I went to to San Francisco Orchid Society's Orchids in the Park Show and Sale this morning (going on Sep 15 and 16, 2012) at the County Fair Building in the Golden Gate Park. 

Within several minutes after the I walked in (I arrived 15 minutes after the door opened at 10 am), all the Phrag. Fritz Schomburg were gone, but I managed to get one! I am very happy with it! It is deep pink and comes with a flower and a bud! I tried my best to reproduce the actual color in the pics below. 

I also got a bellatulum- my first and only bella so far and of course, I had to purchase at least one standard complex. Nowadays, I like henryanum's influence in standard complexes- the pink pouch is likely coming from henryanum. This cross is (green complex x henryanum x green complex). This is its first flower, opened not long ago, and there is another bud coming.
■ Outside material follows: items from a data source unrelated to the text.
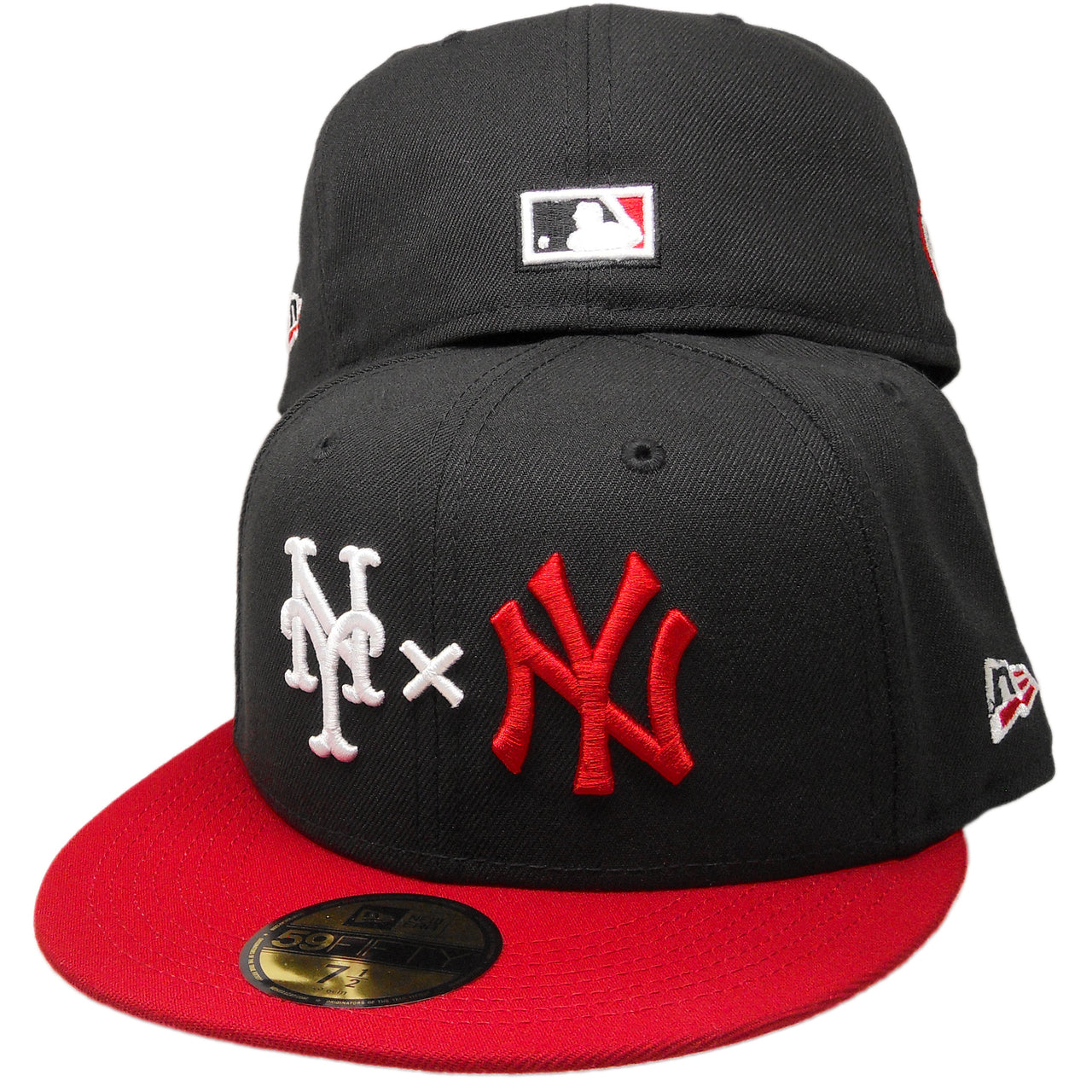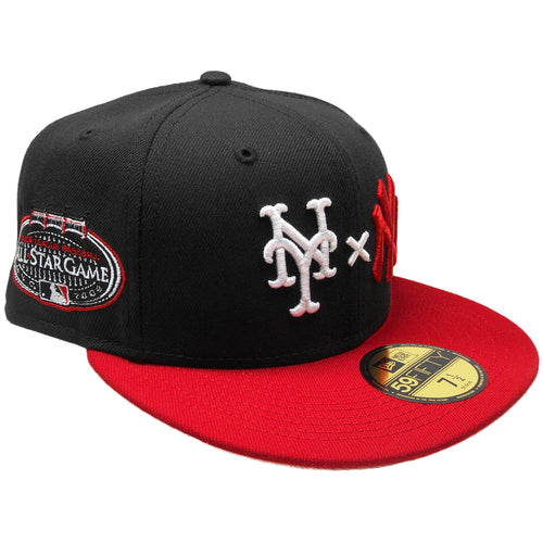 This New Era New York Mets x New York Yankees dual 59FIFTY fitted hat has a black six panel structured high crown, embroidered eyelets and fabric squatchee button. The flat bill of the fitted is red with a pink undervisor. The front panel features the NY Metss logo embroidered in white thread and New York Yankees logo embroidered in red thread. The right panel features a 2008 All-Star Game side patch on the right panel.
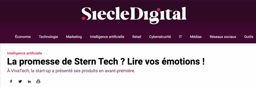 The article published on Siècle Digital presents Stern Tech as a company that aims to “read your emotions” using its artificial intelligence technologies.
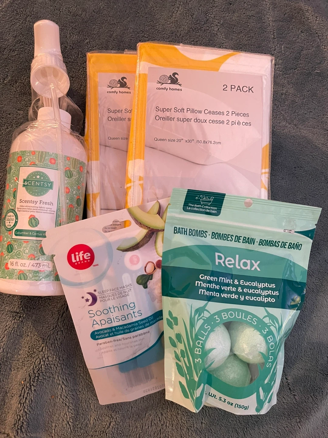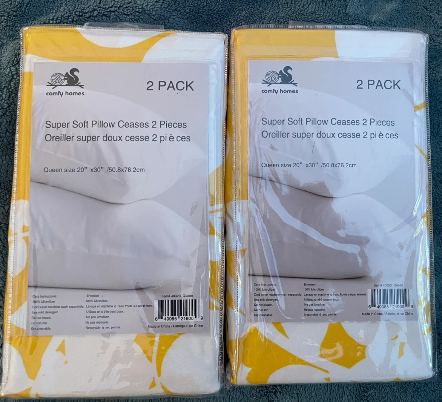 Selling a 2-2 pack of Comfy Homes pillowcases. They're super soft and brand new in the packaging! Each pillowcase is Queen size: 20" x 30" / 50.8 x 76.2cm. Made of 100% microfiber and machine washable. 3 bath bombs Green Mint & Eucalyptus. Cucumber & Cactus Water Fabric Spray. Avocado and Macadamia Seed oil Face Masks. Lobby Pick Up.

Hope that in next blooming, the shape (especially the petals- hope that they will flatten out later) will improve- but I love the color combination!
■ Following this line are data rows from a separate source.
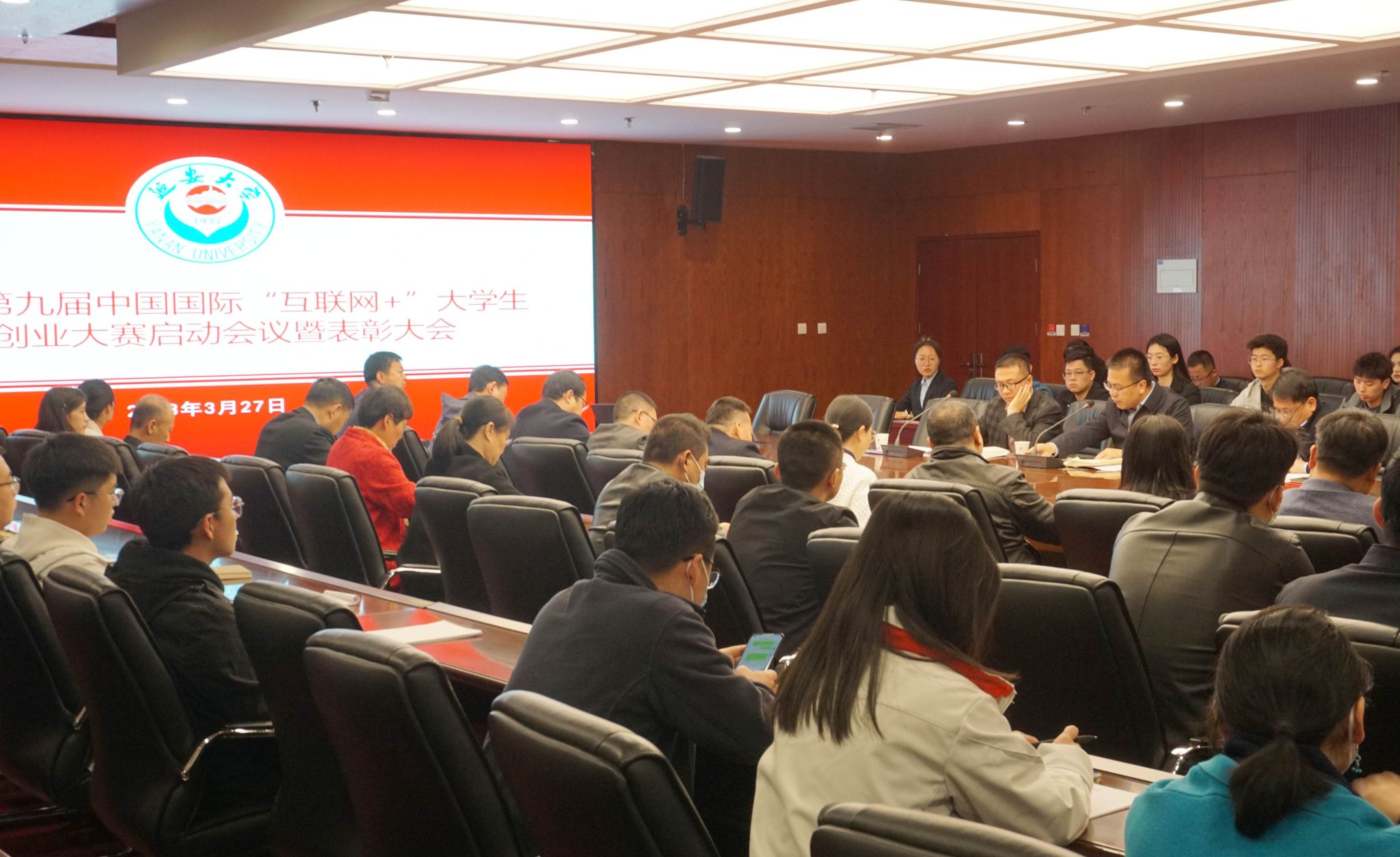 本网讯 3月27日下午,米兰在新城校区行政楼二楼会议室召开第九届中国国际“互联网+”大学生创新创业大赛启动会议暨表彰大会。副校长谭虎娃,教务处,各学院教学副院长、教学秘书和教务员,创新创业学院导师,优秀组织单位负责人、优秀指导教师和获得国家铜奖、省级金奖、省级银奖的项目负责人参加了会议,会议分两个阶段进行,第一阶段颁奖表彰由教务处处长吕磊主持;第二阶段专题讲座由教务处副处长高生军主持。
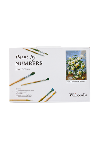 Perfect for budding artists perfecting their craft, this paint by numbers set allows you to paint a beautiful still life scene of white roses, just like the professionals! This set includes everything you need: a numbered design on a canvas, pots of acrylic paint, 3 brushes, 2 picture mounting hooks, and a printed reference paper.
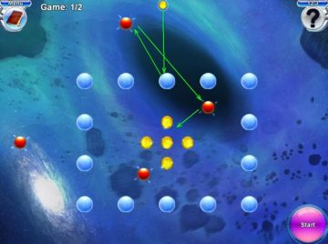 16-1、在等待神秘催眠力量出现的时候,机器人要求和你玩游戏。游戏像跳棋一样,但是只能隔一个跳,跳一步之后被跳的棋子就消除掉了,右边有你需要消除的数量。注意可以斜着跳,点一个棋子后有黄色的圆圈就是可以跳到的位置,这个游戏就是要注意不要留单独的一个棋子在角落了,不然就成了死棋了。

All plants were purchased from Dean at Paphiness. He has many phrags and paphs (to note many Doll's Kobold are in bloom)! I looked for the cross that produced the white phrag that Dean posted in Ebay a while ago that some of us (including me) were bidding on but did not win- he did not have any one like that- there was, however, one very similar in shape, but it was light blush pink- not sure if it was from the same cross.

I also saw other kovachii hybrids in buds for sale by another vendor and also an incredible Paph. Iantha Stage, which I was tempted to get.


----------



## JeanLux (Sep 16, 2012)

Very nice aquisitions!!!! Are they 1 growth plants? and, a good Iantha Stage would be nice too  !!! Jean


----------



## mormodes (Sep 16, 2012)

I'm going tomorrow, Sunday. It was that or the car show in San Ramon/Alamo on Hartz Blvd.


----------



## Leo_5313 (Sep 16, 2012)

JeanLux said:


> Very nice aquisitions!!!! Are they 1 growth plants? and, a good Iantha Stage would be nice too  !!! Jean




The bella has one growth, the Fritz has one mature growth and a tiny new growth, the bulldog has a mature and a medium growths.


----------



## KyushuCalanthe (Sep 16, 2012)

Lovely color on the Fritz Schomburg - and the flower is so flat.


----------



## SlipperFan (Sep 16, 2012)

Good purchases, Leo!


----------



## NYEric (Sep 16, 2012)

Yay besseae hybrids! Dean gets his plant from OZ and I heard Terry has skads of besseae crosses that should be light/pale. Did you get any photos from the Show and Sale?


----------



## Leo_5313 (Sep 17, 2012)

NYEric said:


> Yay besseae hybrids! Dean gets his plant from OZ and I heard Terry has skads of besseae crosses that should be light/pale. Did you get any photos from the Show and Sale?



Hi Eric, 
No. I did not get any pic from the show. I was there only for ~30 minutes.


----------



## nikv (Sep 17, 2012)

This was last weekend? Dang, I missed it!


----------



## NYEric (Sep 17, 2012)

Leo_5313 said:


> Hi Eric,
> No. I did not get any pic from the show. I was there only for ~30 minutes.



Oh well. Thanks for sharing.


----------



## biothanasis (Sep 22, 2012)

very nice!


----------



## eaborne (Sep 22, 2012)

Nice purchases!


----------